Looking after your mental health has never been more important. One crucial health factor is getting a good night’s sleep.

A Good Night’s Sleep

A good night’s sleep doesn’t just mean lots of sleep: it means the right kind of sleep. Sleep affects our ability to use language, sustain attention, understand what we are reading, and summarise what we are hearing; if we compromise on our sleep, we compromise on our performance and our mood.

Sleep has also been shown to protect the immune system. The amount that each person needs is different; however, it is recommended that a healthy adult should sleep, on average, between seven and nine hours a night.

The important thing is that you get good-quality sleep. The following advice can help to HEAL your sleep problems.

The four pillars of good sleep are:

Health

Environment

Attitude

Lifestyle

Sleep Disorders; the problems they cause

Below is a table of some of the most common sleep problems, with techniques that can be used to treat them.

Insomnia

Insomnia is the name given to the condition where you are regularly unable to fall asleep or remain asleep for a long enough period of time. As a result, insomnia can have a negative impact on your mood, energy levels, concentration, relationships, ability to stay awake throughout the day, and ability to complete simple daily tasks.

Sleepwalking

Sleepwalking happens during deep sleep, meaning people can rarely remember doing it. As well as getting out of bed and walking, some people do tasks in their sleep, such as cleaning. Sleepwalking is far more common in children than in adults.

Snoring

Snoring is a very common problem, affecting 41.5% of adults in the UK.26 Snoring is a breathing problem, rather than a sleep problem, and happens when a blockage in the airway causes the organs that help us breathe to vibrate. It is usually more of a problem for anyone who shares a room with a snorer, rather than for the snorer themselves.

Night Terrors

A night terror is different from a nightmare in that it occurs during deep sleep, meaning that you rarely remember it. Often an extreme and frightening experience, night terrors make your heart beat faster and might cause you to sweat or scream. Night terrors often begin in childhood, but rarely continue into adulthood.

Sleep apnoea

Sleep apnoea causes shallow breathing or pauses in breathing that may last up to 30 seconds at a time. In most cases, you will begin to breathe normally again, often making a loud snort or choking sound to clear your airway. People with sleep apnoea can wake up frequently throughout the night feeling sweaty with a dry mouth and a headache.

Help for Sleep Disorders

Sleepio is an organisation dedicated to helping people sleep better, co-founded by Professor Colin Espie, Director of the University of Oxford Sleep Centre and the ‘top tips’ sleep doctor in this guide. The Sleepio website includes information about various sleep problems.

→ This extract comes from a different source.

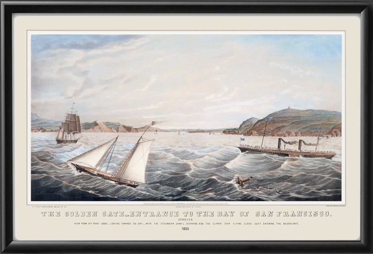 Restored panoramic view of the Golden Gate entrance to San Francisco Bay, 1855 by Thomas A. Ayres. View from off Point Lobos looking toward the bay with the steamship John L. Stephens and the clipper ship Flying Cloud entering the Golden Gate at sunrise.

Your Local GP. If you continue to be concerned about the amount and quality of sleep you are having, and the effects it is having on other aspects of your life, you should speak to your GP, who will be able to help and provide further guidance and support.

The British Snoring & Sleep Apnoea Association is a not-for-profit organisation dedicated to helping snorers and their bed partners improve their sleep.

Be Mindful is a campaign by the Mental Health Foundation to make courses in mindfulness meditation available to everyone who wants or needs them. This site provides useful information on what mindfulness is and the different mindfulness-based courses available. You can also search for mindfulness courses near you, or sign up for the Mental Health Foundation’s specially developed online course.

The British Sleep Society is a charity for medical, scientific, and healthcare workers dealing with sleep disorders in the UK.

Working out the reasons why you might have problems sleeping can be difficult. Keeping a sleep diary can help you keep track of when you slept well or poorly, and the possible reasons why that happened. Remember, this diary is your personal record of how well you slept and why, so be honest!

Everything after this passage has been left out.